No one is returning to work as the economy opens up. It’s great we have more jobs, but it means nothing if no one applies and hired.
I see people celebrating the June jobs report because the economy added 850,000 jobs in June.
Let’s start off with the good news. Employments rose mostly in the leisure and hospitality industries. David Lombardo, general manager of Massachusetts venue Lambardo’s, had to lay off 140 of 148 employees in 2020.
Now Lombardo’s has a long list of events, which means employment! The company hired 40 people so far this year and still needs at least 20 more.
Lombardo’s needs 20 more employees. That number brings us to the numbers buried in other reports: unemployment rate and labor participation rate.
It’s great the economy continues to open, but no one is going back to work.
I know numbers are not sexy, but you have to look at all the details to fully understand the jobs report.

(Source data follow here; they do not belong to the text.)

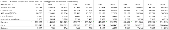 El documento radicado el 20 de agosto, incluye dos fuentes adicionales de recursos, en atención a propuestas de la ponencia para tercer debate, ellos son: i) el recaudo de impuestos saludables, incluido en la reforma tributaria, Ley 2277 del 2022, sobre bebidas azucaradas, otros productos con azúcar y alimentos ultra procesados, para dejarlo con destinación especifica, y ii) el IVA social del 0.5%, que ya tiene destinación especifica al sector salud, según el articulo 184 de la Ley 1819 de 2016. El primer rubro esta incluido en la tabla 10 del documento, el mismo que se anexa como Balance proyectado del sistema de salud (cuadro 1), y que deja superávit en las cuentas.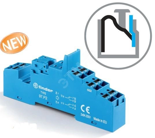 Розетка с безвинтовыми клеммами Push-in для реле 46.61, применяются модули 86.30, 99.02, в комплекте металлическая клипса 097.71, версия: серый цвет, для ЖД-приложений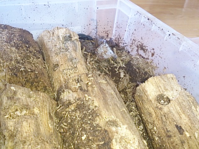 ここしばらく羽化してからかなり動きが活発でエサ食いもよくなってる感じがしたので産卵セットを用意してみました^^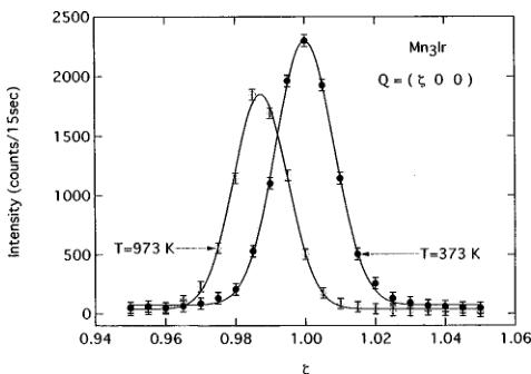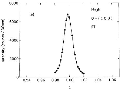 A mixture containing 25 at.% Ir was melted, turned, and remelted in an alumina crucible in an Ar atmosphere. The single crystal was grown from the ingot by the Bridgeman method, annealed at 1000 K for three weeks in an evacuated quartz tube, and then cooled to room temperature in a furnace. Neutron-diffraction experiments were performed using a conventional-type triple-axis spectrometer \( T_{1-1} \) installed at a thermal guide of JRR-3M, Tokai. The neutron wavelength was \( \lambda=2.437 \) Å. Bragg reflection intensities for \( Mn_{3}Ir \) were subject to a neutron pass in the sample, due to the large absorption of the neutron beam by the Ir nuclei. To diminish the absorption effect, we shaped the sample into a disk 8 mm in diameter and 2 mm thick. The sample in the furnace was placed with the [110] crystal axis perpendicular to the scattering plane. Neutron-diffraction measurements showed that the annealed sample had the \( Cu_{3}Au \) -type crystal structure. Absence of a diffuse peak around (001) supports that the ordered sample is almost free from the disordered phase.
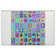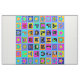 Alphabet Play Mat, Alphabet Quilt, 56x56, Rot-Blau, Gelb-Rosa-Türkis, Pastellfarben, Orangenlima, Alphabet-Quilt, zeitgenössisches Quilt, zeitgenössische Alphabet-Symbole, Virginia Vivier, Vagabond Folk Art, Südwestliche Volkskunst, Boho Dekor, Indie Indie Kunst.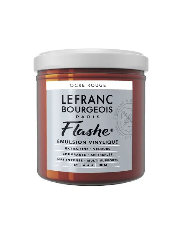 Pintura muy mate , aterciopelada y opaca. Se diluye con agua y se vuelve indeleble una vez seco. Se puede aplicar con pincel, brocha o esponja. Es un producto muy polivalente que ofrece múltiples utilidades como la pintura en tela, decoración interior, preparación de fondos para óleo o acrílico etc. Formato 125 ml presentado en bote de cristal LEFRANC BOURGEOIS ACRILICO FLASHE 125ML Ocre rojo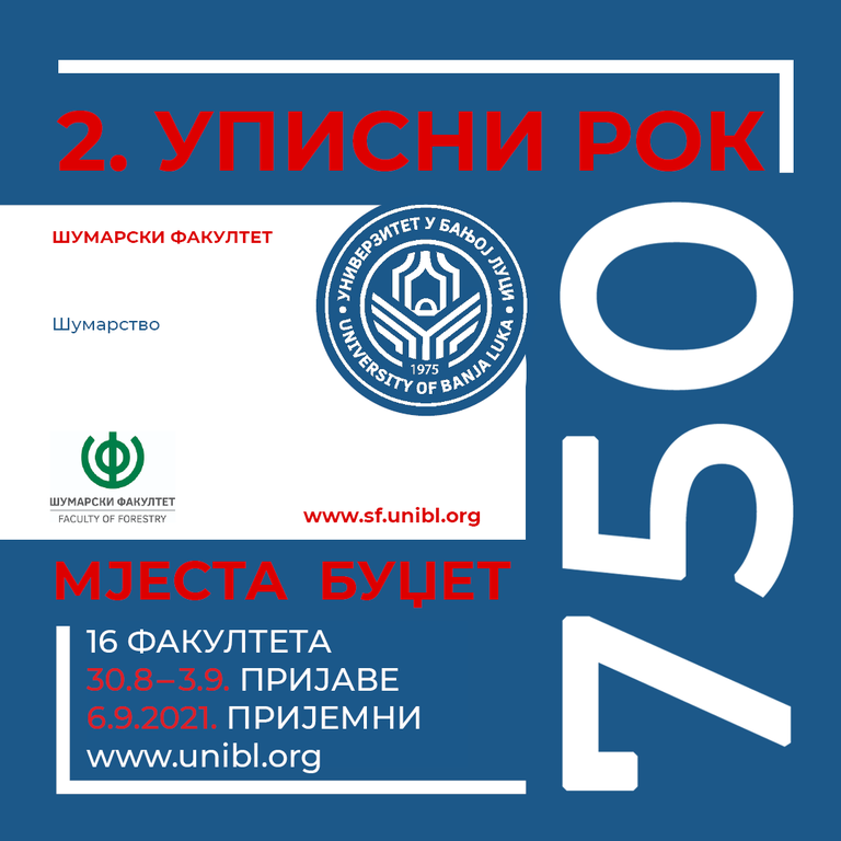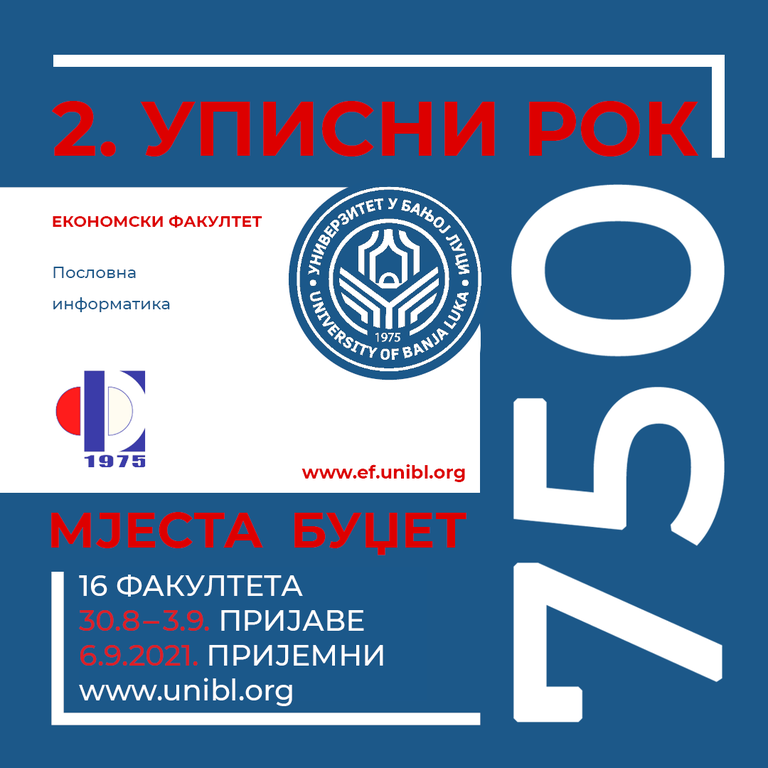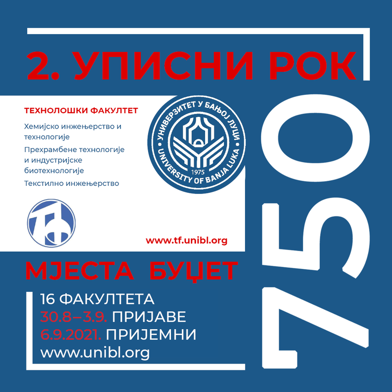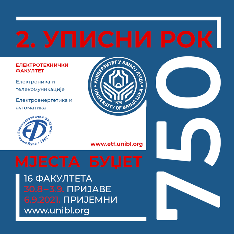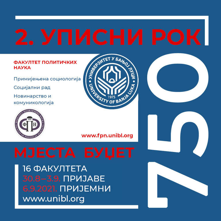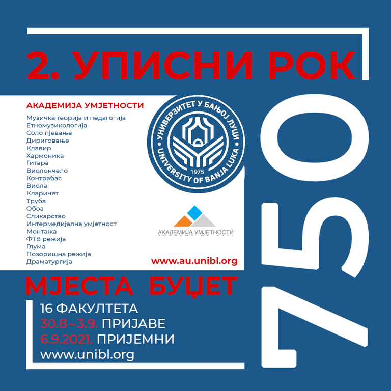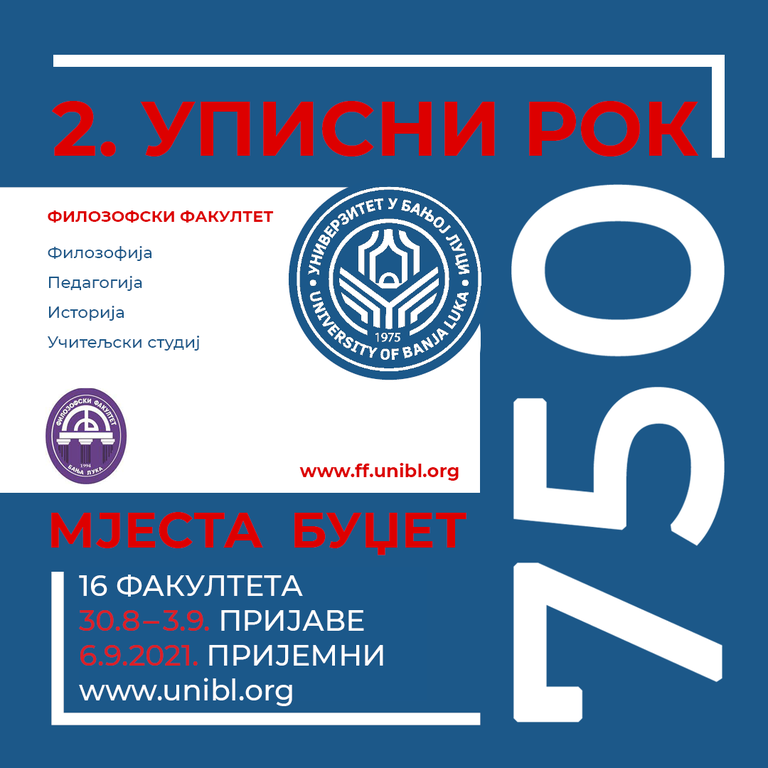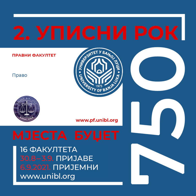 Конкурс за упис студената у другом уписном року биће објављен 18. августа 2021. године на интернет страници Универзитета у Бањој Луци и у дневним новинама ,,Глас Српске’’.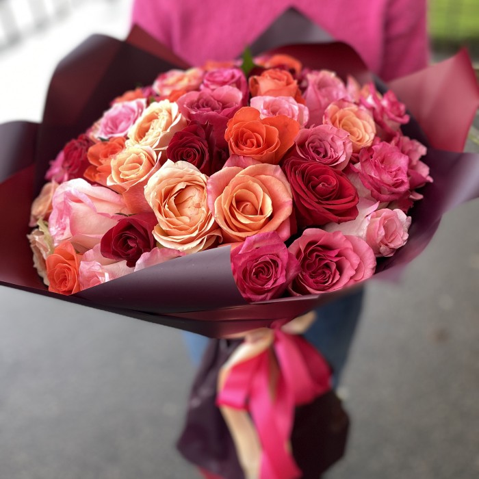 Возможна незначительная замена сортов роз с сохранением цветовой гаммы букета.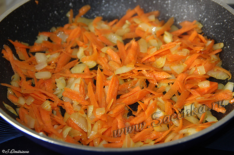 - А в это время нарезала лук, натёрла морковь на крупной тёрке и приготовила пассеровку.

The unemployment rate went up to 5.9% from 5.8%. The long-term unemployed account for 42.1% of the unemployed total in June.
The rates among major worker groups saw little change:
- Adult men: 5.9%
- Adult women: 5.5%
- Teenagers: 9.9%
- Whites: 5.2%
- Blacks: 9.2%
- Asians: 5.8%
- Hispanics: 7.4%
Job leavers (those who leave their job and look for another job) increased by 164,000 to 942,000.
The long-termed unemployed number (without a job for at least 27 weeks) went up by 233,000 to 4 million in June. It went down by 431,000 in May.
Then there’s the labor force participation rate. We have 850,000 new jobs. People have to be aching to get back to work, right?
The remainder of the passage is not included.